Тут телефон пискнул – это пришла эсэмэска. На экране появилась жуткая рожа, в которой Ника с трудом узнала Таньку. Нос напоминал подгнившую картофелину, а цветом – перезрелый помидор, под глазами были синяки, как у очкового медведя. В правом углу рта шов. Да, здорово ее избили. «Хороша?» – прочитала Ника сопроводительную подпись.
Да, что ни говори, а характер у Таньки замечательный, никогда не унывает. Но что же получается? Как только Нике понадобились фотографии, у Таньки отобрали телефон. Совпадение? Наверное, поскольку она теперь далеко, в другом городе. Но всё же…
Ника вспомнила, что, когда проснулась, ее телефон лежал не под подушкой, а валялся рядом с кроватью на полу. Конечно, чтобы включить его, нужен код, но есть такие умельцы… Если она не может это сделать, совсем не значит, что другие не могут. И если она уверена, что фальшивый муж прочитал письмо насчет наследства, то отчего бы ему не читать эсэмэски в ее телефоне? Да, но подослать мерзавца ограбить Таньку Самохину – это слишком сложно. Но, с другой стороны, тыщу раз все ходили через ту подворотню, никогда ничего не случалось. Да и шла Танька не ночью глубокой, а утром, когда все на работу бегут…
– Детка, ты как там? – поскреблась в дверь «свекровь». – С тобой всё в порядке? Тебе плохо?
– Иду уже! – ответила Ника, не сумев сдержать раздражения.

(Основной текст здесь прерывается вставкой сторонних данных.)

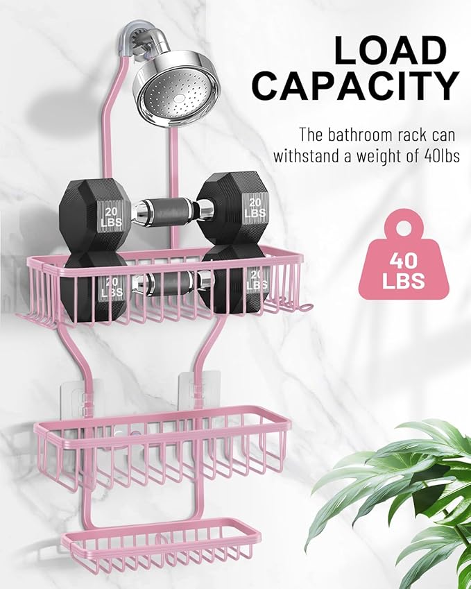 Pink Shower Caddy for Bathroom - Never Rust Hanging Shower Organizer with Soap Basket and Hooks - Large Capacity 3 Tier Aluminum Over The Showerhead Caddy
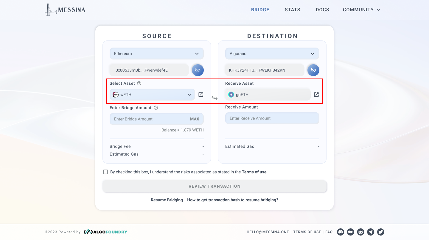 Enter a valid bridging amount in the "Input Bridge Amount" or the "Received Amount" field. You will see the Bridge Fee and Estimated Gas fees automatically populated.
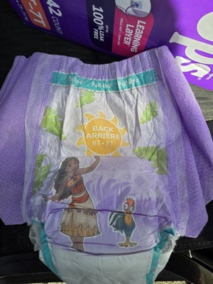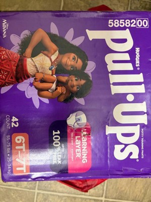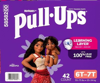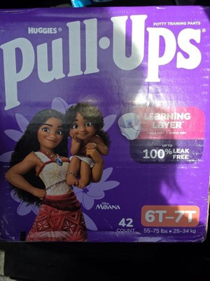 Pull-Ups Girls’ Potty Training Pants, size 6T–7T, are designed to help kids learn and grow with confidence. The Learning Layer helps children notice wetness while staying dry, making every accident a learning opportunity. With up to 100% leak-free protection, these training pants keep kids comfortable and secure. The soft, hypoallergenic material is gentle on sensitive skin, and tear-apart sides make changes quick and easy. Fun Disney's Moana graphics fade when wet to motivate kids to stay dry. Product and packaging may vary.
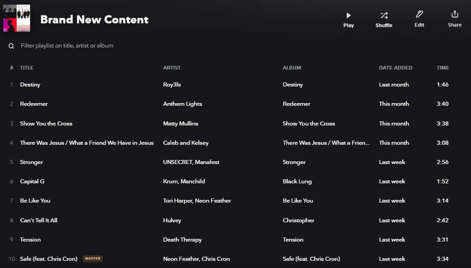 Same issue here. My problems started a few weeks ago. Many new singles become available on Tidal, but will not show up in Plex. I started a playlist in Tidal for all my favorite new releases, then check back in Plex every day to see if any show up. Occasionally one or two will sneak in, but the majority of my “Brand New Content” playlist won’t show up in Plex. Here are my top 10 tracks that I’m waiting for: All available & playable in Tidal proper, but none in Plex.
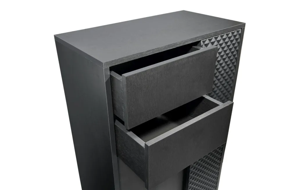 Façade : MDF (panneaux de fibres de bois de densité moyenne) thermoformé ton noir graphite, PPSM
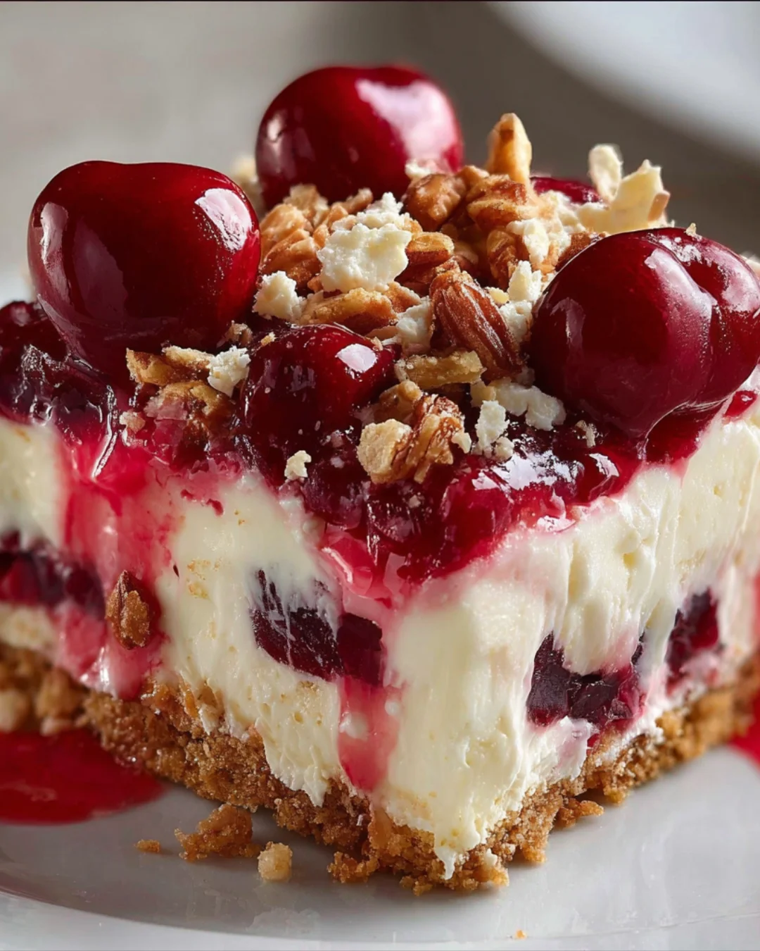 This delightful no-bake treat combines creamy cheesecake goodness with a sweet cherry topping, all resting on a buttery graham cracker crust.
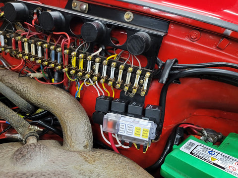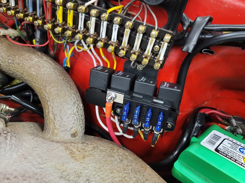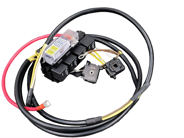 Overkill 4-relay set to provide maximum power to the lights. Includes 4 fuses and heavy gauge wires from the battery all the way to the headlights.

Она торопливо стёрла Танькину фотографию, сохранила номер телефона Андрея Щербакова, только написала «Аня. Маникюр» и вышла из ванной.
Разумеется, в коридоре ее караулила «свекровь».
– Верочка! – одарила Нику приторно-сладкой улыбочкой «родственница». – Что-то ты такая бледненькая, прямо лица на тебе нет… Ну да, что я, ведь ты про папу своего узнала… Такой удар, такой удар! Нужно поесть, чайку с конфетками попить, это тебя взбодрит…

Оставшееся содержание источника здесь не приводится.